The appropriate control chart for the textile mill to establish a control procedure on flaws in towels is the p-chart. This chart is used to monitor the proportion of defects in a process. The center line of the p-chart is calculated using the formula p = defects / units inspected. In this case, the center line is 850 / 100 = 8.5 flaws per unit. The control limits are calculated using the formula:

• Upper Control Limit (UCL) = p + Z * sqrt((p(1-p)) / n)
• Lower Control Limit (LCL) = p - Z * sqrt((p(1-p)) / n)

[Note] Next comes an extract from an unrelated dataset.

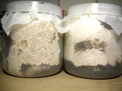 半月前によく見えなかった1400cc菌糸ボトル内のニジイロ幼虫。そろそろ蛹になってないかなぁ~、と思ってみたんですが‥、幼虫してました‥。ただ、こっちははっきりと見えるんですが‥、こっちが良く見えないんですわ‥(-_-;;;一つ気になっているのが、菌糸ボトルのフタ近くの菌糸のこと。フタの近くまでいっぱいになってるんですけど、この上のほうっていうのは、菌糸を常に剥いで空間を作っておいたほうがいいんでしょうか??少なくとも蛹化したら、いつ出てきてもいいように上のほうに空間があったほうがいいような気はするんですが‥‥‥。ところで、ニジイロチェックの前に、国産ノコギリクワガタの産卵セットの上に放置しておいた菌糸カスを細かくチェックしました。先日見つけた菌糸カス太郎を移動するためです。菌糸がかなり乾いてきてましたから。そしたら、また菌糸に潜っていた菌糸カス太郎を発見さらに、なんともう1頭発見(次郎?^-^;)。結局2頭が菌糸カスの中で生活していました。しかも、それなりに育ってる。。。ノコギリクワガタに菌糸は特にいい結果にならないと思っていたんですが、これってノコ♀が自ら菌糸の中に産みつけたんでしょうか? だとしたら、今後もこの2頭を菌糸で育ててもいいのかな? まさか転倒防止用に入れといたいらない菌糸カスから2頭も幼虫が出てくるとは‥、予想外です。シンジラレナ~イ。(←この2つ今年の流行語大賞にノミネートされるでしょうか^◇^;)

Where p is the proportion of defects, Z is the Z-score corresponding to the desired level of significance (such as 0.06), and n is the number of units inspected. The Z-score can be calculated using a Z-table or a statistical software. The control chart is used to determine if the process is in control or if there are any special causes of variation that need to be addressed.

Answer 2

•A c-chart is the appropriate control chart

• c' = 8.5

• Control limits, CL = 8.5

Lower control limits, LCL = 0

Upper control limits, UCL = 17.25

Step-by-step explanation:

A c chart is a quality control chart used for the number of flaws per unit.

Given:

Past inspection data:

Number of units= 100

Total flaws = 850

We now have:

c' = 850/100

= 8.5

Where CL = c' = 8.5

For control limits, we have:

CL = c'

UCL = c' + 3√c'

LCL = c' - 3√c'

The CL stands for the normal control limit, while the UCL and LCL are the upper and lower control limits respectively

Calculating the various control limits we have:

CL = c'

CL = 8.5

UCL = 8.5 + 3√8.5

= 17.25

LCL = 8.5 - 3√8.5

= -0.25

A negative LCL tend to be 0. Therefore,

LCL = 0